The goal of this task is to get familiar with the databases and do the necessary cleaning. After this exercise, you should understand what real data looks like and how much effort you need to put into cleaning the data. When you commence on developing a new language, the first thing is to understand the language and its peculiarities with respect to your target. You can learn to read, speak and write the language. Alternatively, you can study data and learn from existing information about the language through literature and the internet. At the very least, you need to understand how the language is written: writing script, existing input methods, some phonetic knowledge, etc.

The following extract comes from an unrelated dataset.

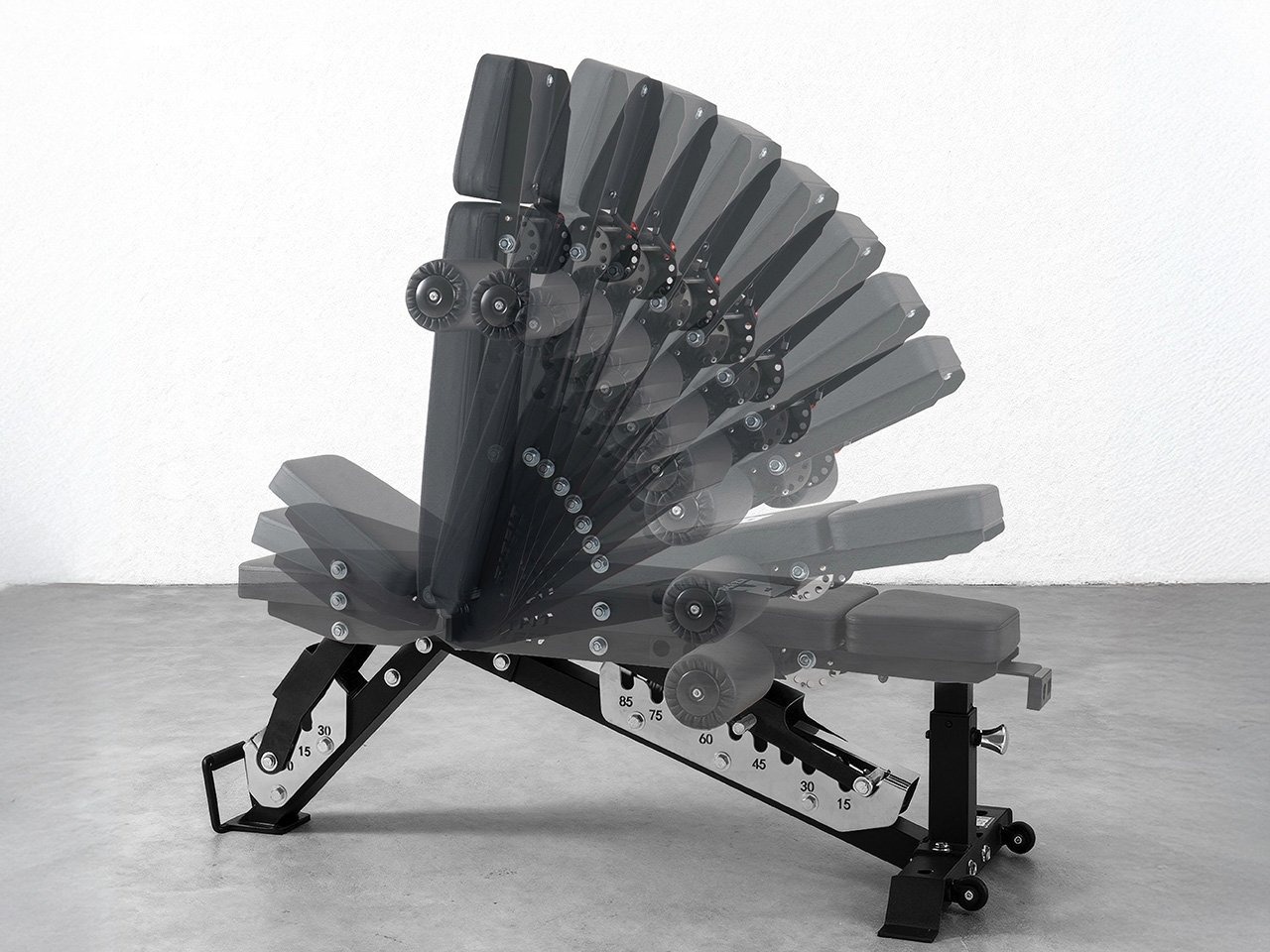 RITFIT GATOR三段式训练凳,21种角度组合(靠背/头枕/座椅/下斜),适配各类训练。加厚钢管承重1600磅,头枕单独承396磅,稳固安全。70mm泡沫+乙烯基皮坐垫舒适,封闭调节防夹。可竖立收纳省空间,哑光黑融家居。从新手到专业运动员,陪练成长,是高效家庭健身房理想之选。

Note that the data contain words of offensive and profane meaning. They are left there intentionally to highlight the fact that the developer has to work on them.
Tasks to accomplish
Tokenization - identifying appropriate tokens such as words, punctuation, and numbers. Writing a function that takes a file as input and returns a tokenized version of it.
Profanity filtering - removing profanity and other words you do not want to predict.
Tips, tricks, and hints
library(tm)
## Loading required package: NLP
library(RWeka)
library(dplyr)
##
## Attaching package: 'dplyr'
## The following objects are masked from 'package:stats':
##
## filter, lag
## The following objects are masked from 'package:base':
##
## intersect, setdiff, setequal, union
library(ggplot2)
##
## Attaching package: 'ggplot2'
## The following object is masked from 'package:NLP':
##
## annotate
url <- "https://d396qusza40orc.cloudfront.net/dsscapstone/dataset/Coursera-SwiftKey.zip"

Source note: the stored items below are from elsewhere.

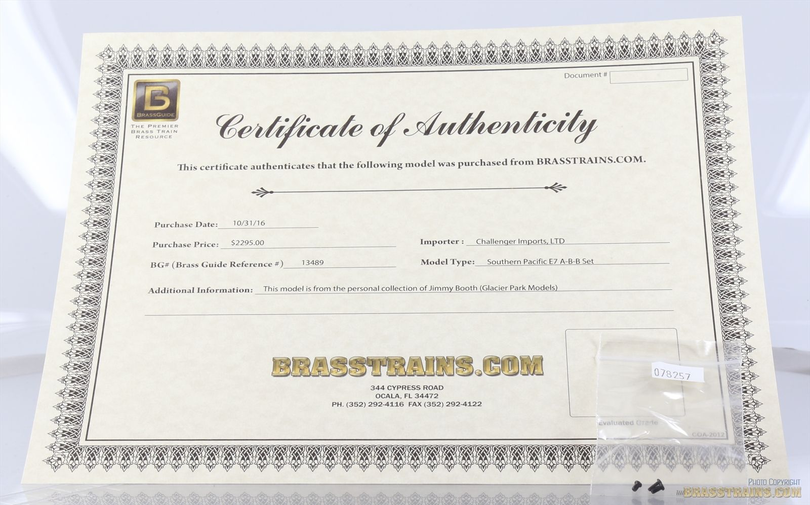 This model is from Jimmy Booth’s (Glacier Park Models) personal collection. Jimmy has worked with many importers through the years, and helped to produce the drawings that were used for many of the CIL locomotives & passenger cars, in turn he was given ‘first choice’ from CIL at some of the finest of all their available models. COA will be included with the model upon shipment.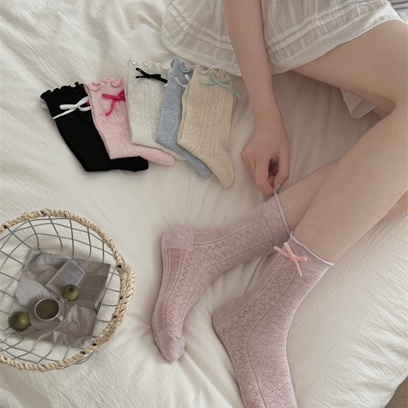 日系甜美百搭夏季新品高弹棉木耳边爱心镂空马卡龙色蝴蝶结薄短袜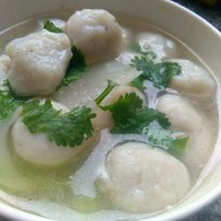 13.I put a small piece of winter melon and cooked the fish ball soup.Add some more coriander leaves.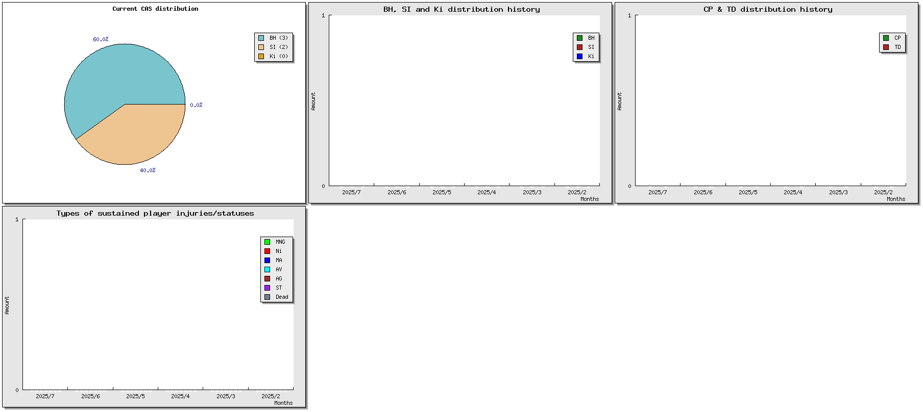| Injuries | Tournament | Opponent | MVP | Cp | Td | Int | Cas | Score | Result | Date played | Match |
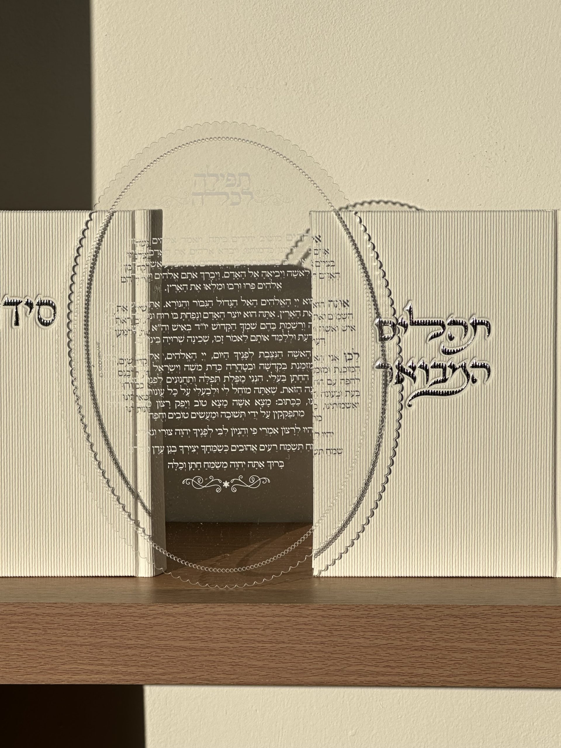מארז סידורים מהודר לכלה , גוון לבן, גובה 17.5 ס”מ , רוחב 12.5 ס”מ .

download.file(url, dest = "capstone_dataset.zip")
unzip ("capstone_dataset.zip")
url_directory <- "C:/Users/maigu/OneDrive/Documentos/Eli/datasciencecoursera/Data-Science-Capstone/final/en_US/"
url_twitter <- paste(url_directory, "en_US.twitter.txt", sep = "")
url_blogs <- paste(url_directory, "en_US.blogs.txt", sep = "")
url_news <- paste(url_directory, "en_US.news.txt", sep = "")
twitter_file <- readLines(url_twitter, encoding="UTF-8")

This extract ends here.